TDG Flips Ethenocytosine Out of DNA More Easily Than It Flips Thymine-- The binding of DNA, represented by Kd in Scheme I, involves flipping the mismatched base out of the DNA helix into a pocket of TDG (31). There are two possible explanations of why CpG·epsilon C-DNA has a much smaller Kd than CpG·T. 1) TDG binds CpG·epsilon C-DNA more tightly by making more and/or better contacts to the DNA substrate, or 2) less energy is required to flip out the ethenocytosine from a G·epsilon C base pair than to flip out a thymine from a G·T mismatch. In terms of potential contacts, the only difference between the two substrates is the base to be excised. The first explanation therefore implies that TDG binds ethenocytosine more tightly than thymine. This was tested by investigating whether free ethenocytosine base inhibits the TDG reaction more than free thymine base.

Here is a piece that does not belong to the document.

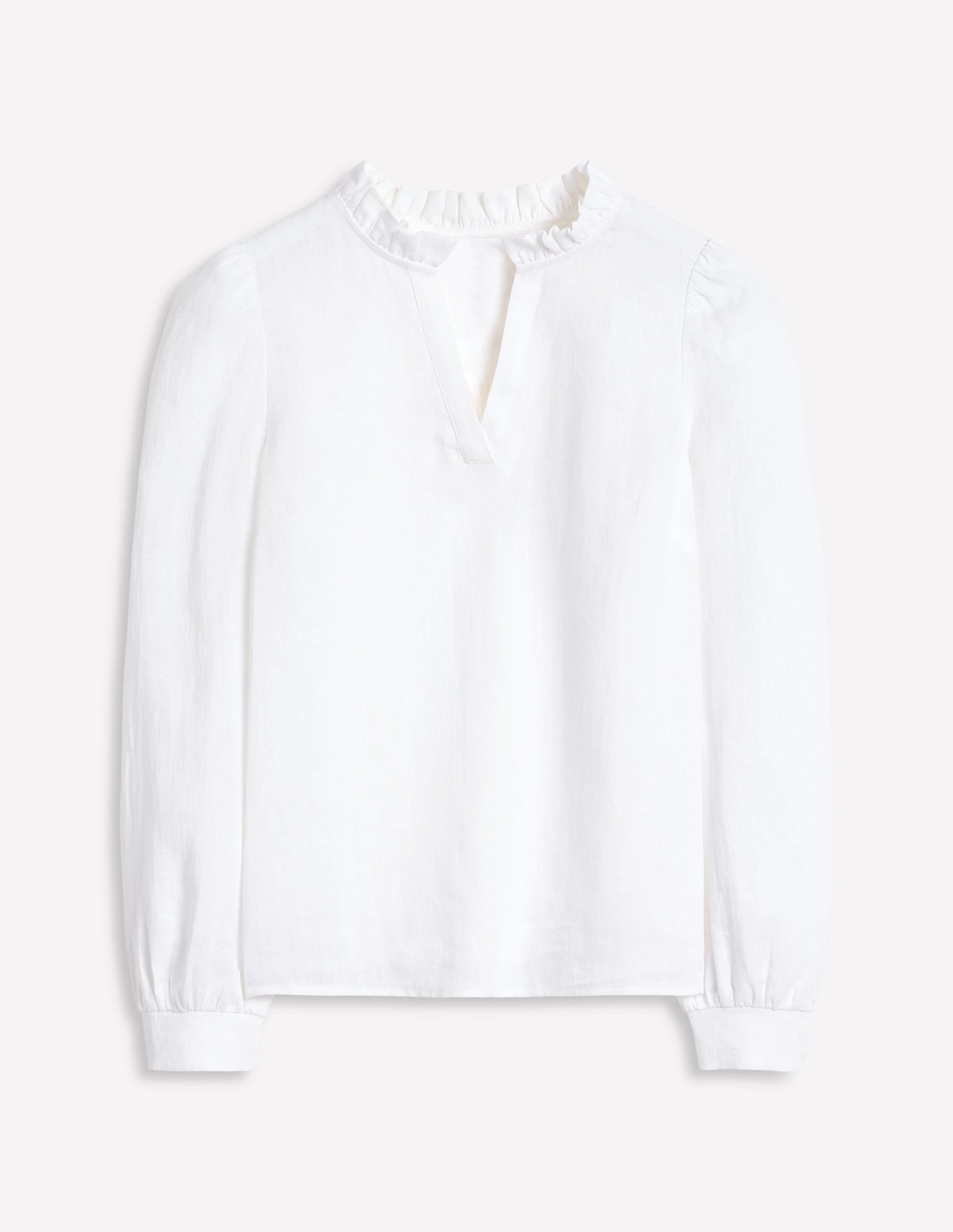 The simplicity of our Grace linen top is offset by its frilled neck detail. Team with wide-leg trousers. or denim shorts if the sun’s out.

Addition of either thymine or ethenocytosine up to a concentration of 5 mM had no effect upon the reaction of TDG (data not shown). Higher concentrations of free base were not practical because of their poor solubility. TDG therefore has little affinity for either thymine or ethenocytosine. This is in contrast to uracil-DNA glycosylase where 2 mM uracil inhibited the reaction by 58% (32).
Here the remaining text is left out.